Les dirigeants français ont ainsi fait le choix d'organiser une visite médicale avant vaccination pour recueillir les consentements et s'assurer de l'absence de contre-indication. A cette précaution, s'ajoute le centralisme administratif qui ne prévoit pas la mise en place de centres de vaccination décentralisés en dehors des établissements médicaux. Cette centralisation et la rigidité administrative sont les principaux freins au démarrage de la campagne de vaccination en France.
Mais le gouvernement, à la demande du chef de l'Etat, a décidé, début janvier, de simplifier l'organisation initialement prévue pour accélérer le rythme de la vaccination. Cette évolution de stratégie est à mettre en relation avec les préparatifs de la campagne pour les élections présidentielles de mai 2022. Les décisions prises maintenant auront certainement un impact sur l'image des futurs candidats et les décideurs doivent, dès maintenant, penser à tenir compte d'un futur électorat qui n'est pas homogène face à la vaccination et qui oblige le gouvernement à prendre en considération les différentes attentes mais aussi les craintes vis à vis de la vaccination.

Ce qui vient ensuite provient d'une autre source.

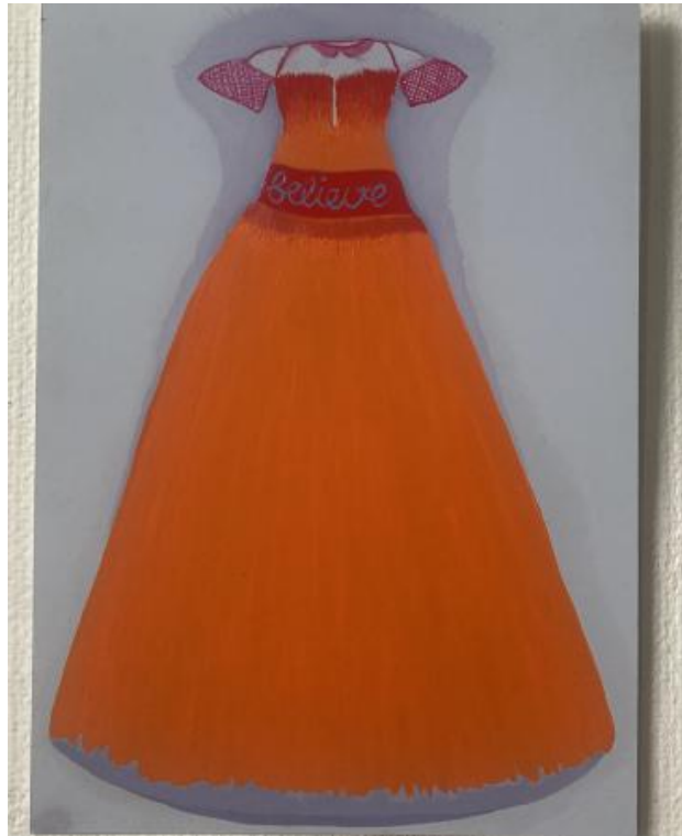
'believe', 2024 oli on paper, 21 x 14,8 cm.

Cependant, la France n'est pas la seule à connaître des difficultés liées à la campagne de vaccination, d'autres pays européens tels que l'Allemagne ou l'Espagne connaissent des contre-temps logistiques, des dirigeants d'autres pays, tel qu'au Canada, sont aussi critiqués pour leur relative lenteur. Contrairement à d'autres pays, tels que les Etats-Unis et Israël par exemple, la France a décidé de hiérarchiser la population à vacciner et de commencer par la population la plus fragile. Et si la Grande-Bretagne a aussi fait le choix de vacciner en priorité dans les maisons de retraite, la campagne de vaccination a débuté 1 mois plus tôt qu'en France, ce qui s'est traduit par un écart exponentiel du nombre de personnes vaccinées début janvier.

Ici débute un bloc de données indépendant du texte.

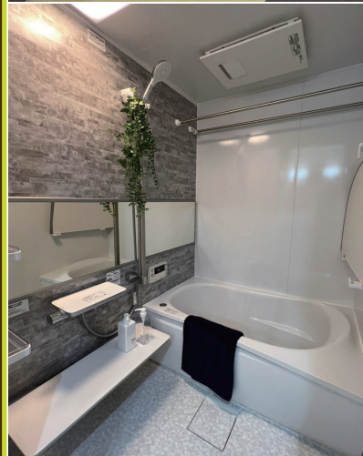
701号室 【3LDK 66.80㎡】

L'ensemble des spécificités françaises, à la fois médicales, administratives et politiques, expliquent la lenteur de la France sur la première semaine de vaccination. Une légère accélération est observée depuis début janvier et devrait s'intensifier. Pour autant le gouvernement assume les précautions prises, comme le recueil des consentements, et la stratégie mise en oeuvre.
Le calendrier vaccinal a été précisé depuis fin décembre et le million de personnes vaccinées fin janvier reste l'objectif cible du gouvernement.